Work order —
Exactly the lines from the one holding "胡散臭い通販商品みたいなあだ名 | 『モテモテ間違いなし霊験あらたかなお札…その名も「コメットキラリ」』 |" through the end of the material below must be printed, nothing more, and the pictures must be dropped.

Data extract —
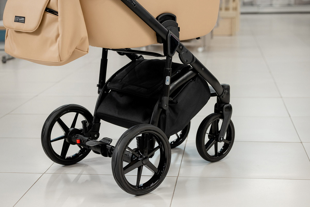 Рама выполнена из сплава алюминия. Рама оборудована ручкой для переноски в сложенном положении.Ручка, регулируемая по высоте. Задняя колесная база оборудована тормозной системой.Задняя колесная база оборудована амортизаторами с возможностью регулировать жесткости.Рама имеет дополнительные центральные амортизаторы с возможностью блокировки.Колеса выполненыиз вспененной резины не требующие подкачки.Передние колеса поворотные с возможность блокировки в прямом положении.
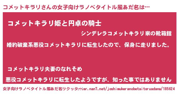 | 胡散臭い通販商品みたいなあだ名 | 『モテモテ間違いなし霊験あらたかなお札…その名も「コメットキラリ」』 |
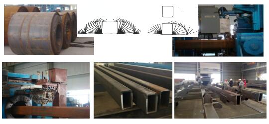 2、扁鋼管柱的工廠機(jī)械化生產(chǎn)

Task response —
 | 胡散臭い通販商品みたいなあだ名 | 『モテモテ間違いなし霊験あらたかなお札…その名も「コメットキラリ」』 |
 2、扁鋼管柱的工廠機(jī)械化生產(chǎn)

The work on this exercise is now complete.